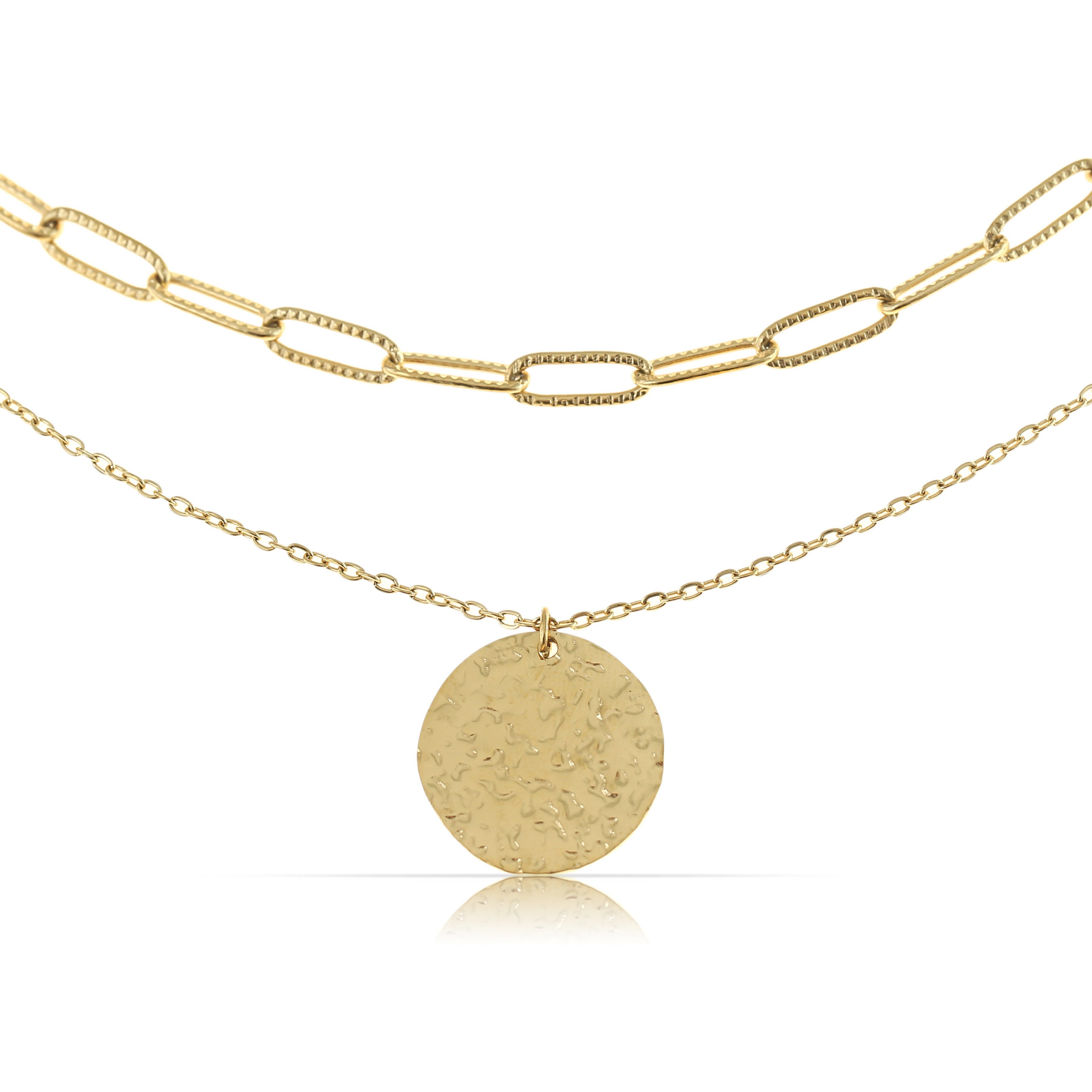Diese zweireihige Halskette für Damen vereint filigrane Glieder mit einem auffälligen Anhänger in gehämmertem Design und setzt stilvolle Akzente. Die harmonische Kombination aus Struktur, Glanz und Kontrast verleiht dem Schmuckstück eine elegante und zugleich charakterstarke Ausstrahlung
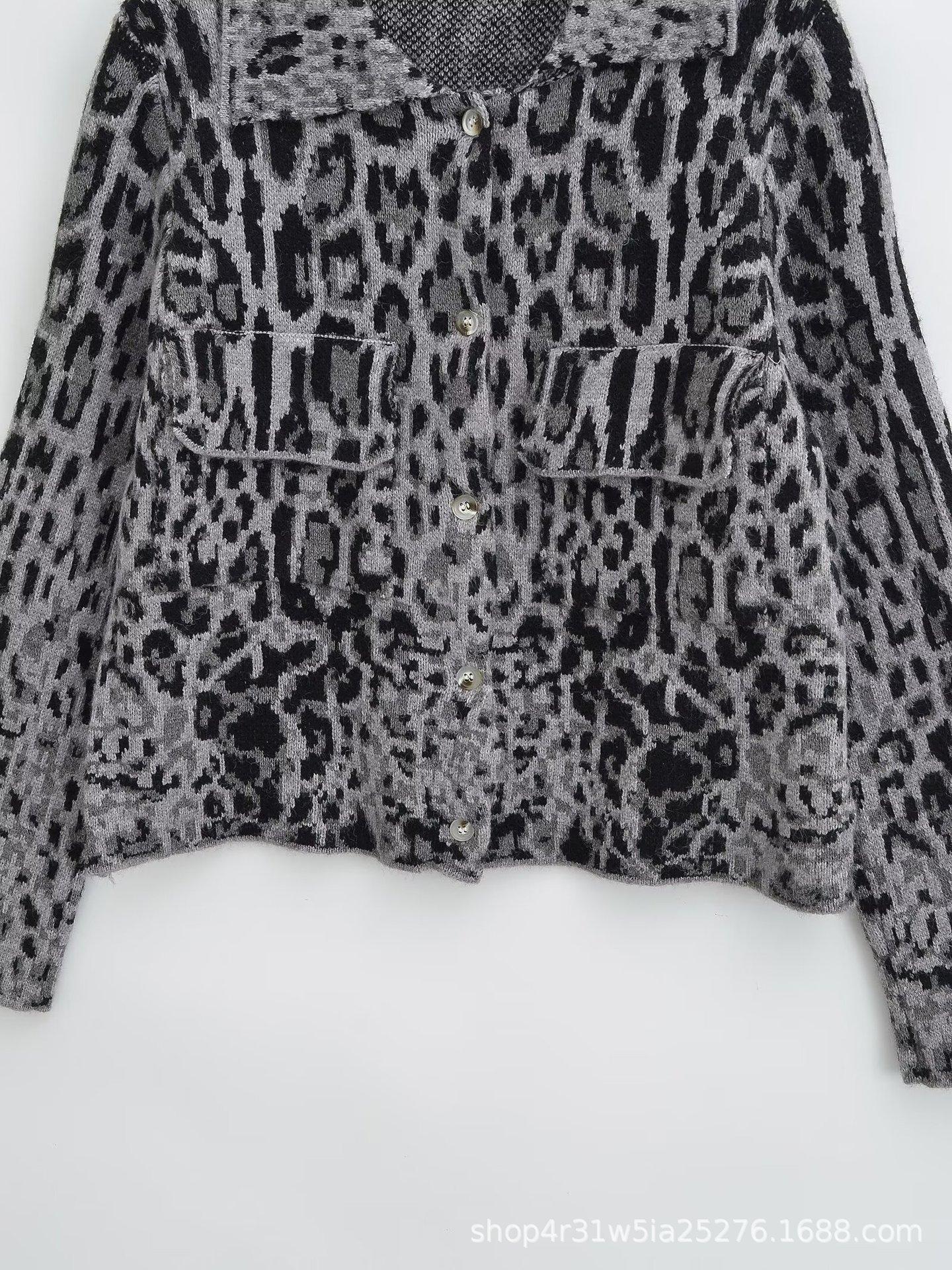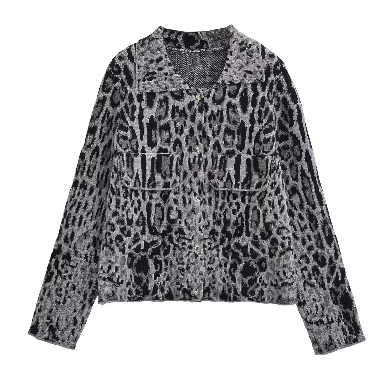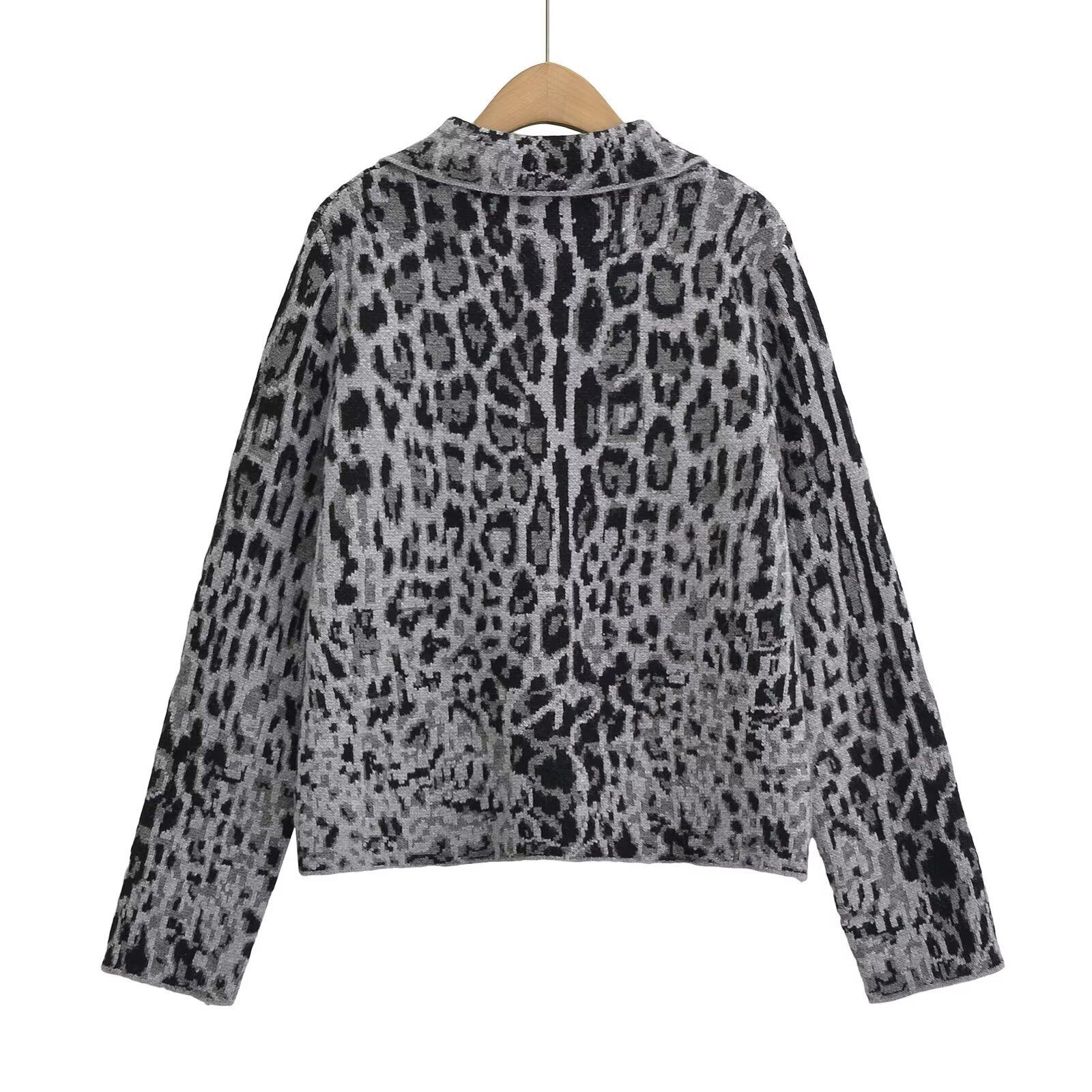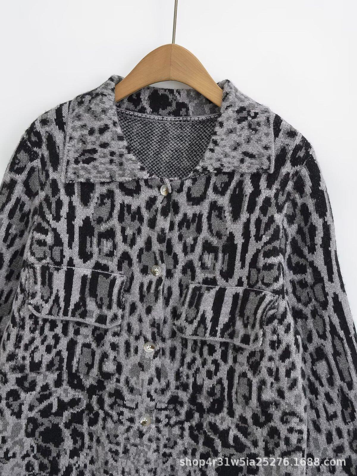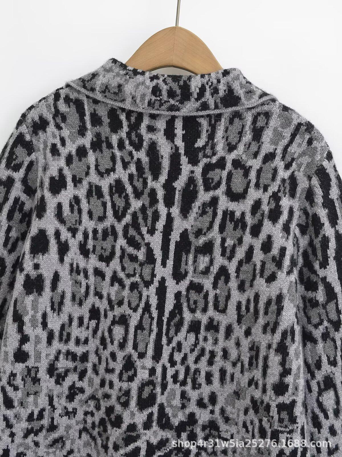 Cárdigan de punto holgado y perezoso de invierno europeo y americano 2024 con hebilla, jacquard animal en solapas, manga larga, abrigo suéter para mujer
━━━━━━━━
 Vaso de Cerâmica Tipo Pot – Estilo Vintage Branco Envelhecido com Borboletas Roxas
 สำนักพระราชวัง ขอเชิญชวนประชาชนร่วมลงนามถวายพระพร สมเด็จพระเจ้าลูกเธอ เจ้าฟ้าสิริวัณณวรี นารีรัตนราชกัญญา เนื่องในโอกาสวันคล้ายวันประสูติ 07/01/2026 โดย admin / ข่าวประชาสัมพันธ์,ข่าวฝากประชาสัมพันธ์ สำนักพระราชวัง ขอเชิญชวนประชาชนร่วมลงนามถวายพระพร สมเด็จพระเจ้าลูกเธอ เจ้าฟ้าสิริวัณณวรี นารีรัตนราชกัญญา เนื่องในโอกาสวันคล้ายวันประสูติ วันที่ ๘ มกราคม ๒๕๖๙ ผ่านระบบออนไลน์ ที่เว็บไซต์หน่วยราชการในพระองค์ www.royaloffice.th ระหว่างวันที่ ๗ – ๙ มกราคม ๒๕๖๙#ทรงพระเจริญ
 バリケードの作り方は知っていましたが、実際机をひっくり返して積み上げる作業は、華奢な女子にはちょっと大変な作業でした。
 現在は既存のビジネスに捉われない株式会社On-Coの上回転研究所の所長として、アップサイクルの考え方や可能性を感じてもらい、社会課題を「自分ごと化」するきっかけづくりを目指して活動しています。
━━━━━━━━
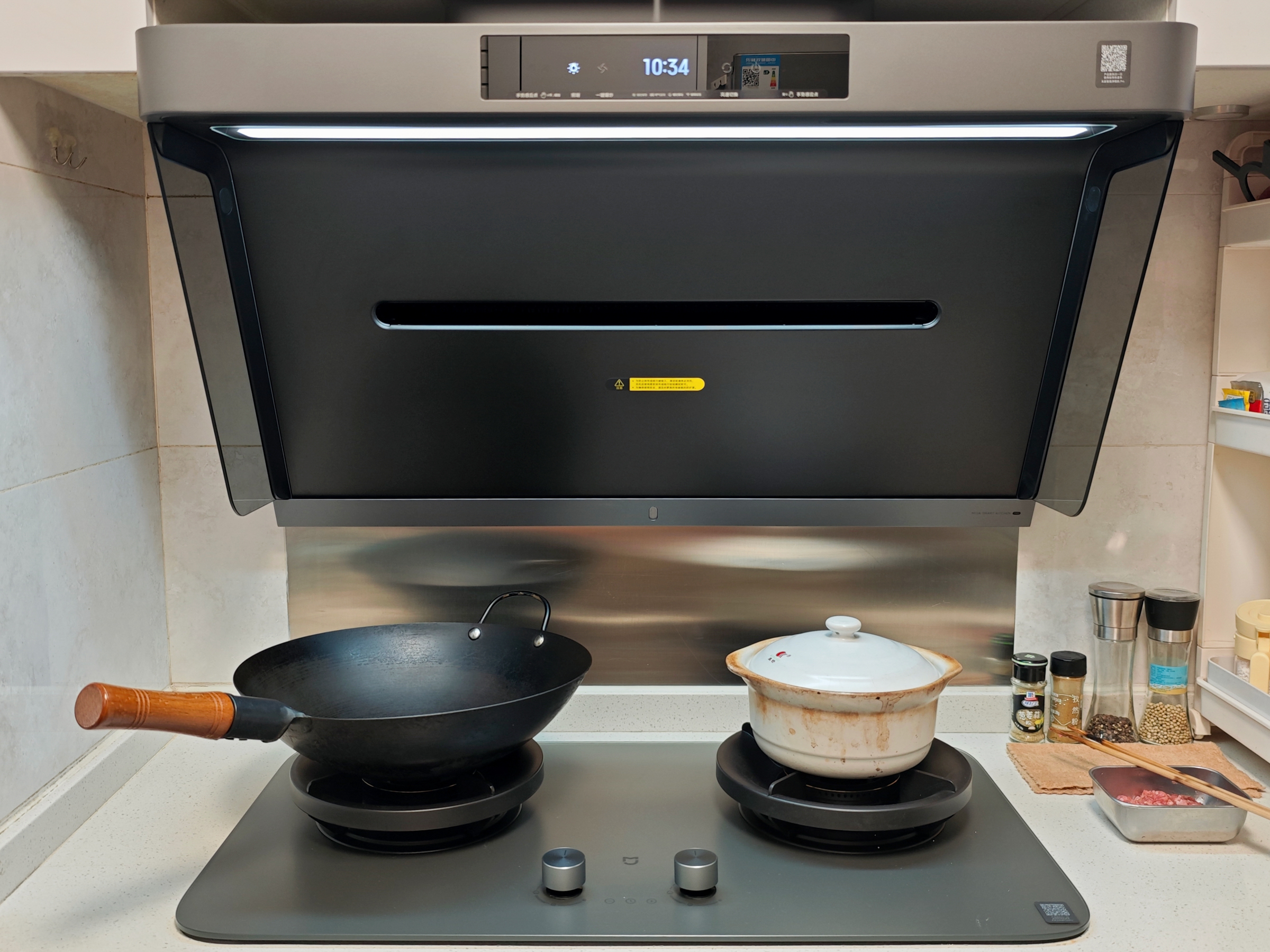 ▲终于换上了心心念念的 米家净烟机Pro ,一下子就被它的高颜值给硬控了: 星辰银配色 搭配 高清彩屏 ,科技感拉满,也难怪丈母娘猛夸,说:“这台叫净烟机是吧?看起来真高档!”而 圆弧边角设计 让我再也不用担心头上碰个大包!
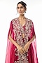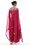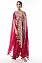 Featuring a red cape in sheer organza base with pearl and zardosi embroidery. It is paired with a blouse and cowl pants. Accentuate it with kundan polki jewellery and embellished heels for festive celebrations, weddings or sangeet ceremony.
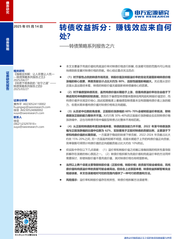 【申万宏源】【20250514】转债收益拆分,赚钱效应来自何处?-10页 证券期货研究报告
━━━━━━━━
→ **EXERCISE GOAL**
Pictures aside, return exactly the lines from the data above, starting at the line that has "Diese zweireihige Halskette" and ending at the line that has "Cárdigan de punto", both included.

→ **FINISHED EXERCISE**
Diese zweireihige Halskette für Damen vereint filigrane Glieder mit einem auffälligen Anhänger in gehämmertem Design und setzt stilvolle Akzente. Die harmonische Kombination aus Struktur, Glanz und Kontrast verleiht dem Schmuckstück eine elegante und zugleich charakterstarke Ausstrahlung
 Cárdigan de punto holgado y perezoso de invierno europeo y americano 2024 con hebilla, jacquard animal en solapas, manga larga, abrigo suéter para mujer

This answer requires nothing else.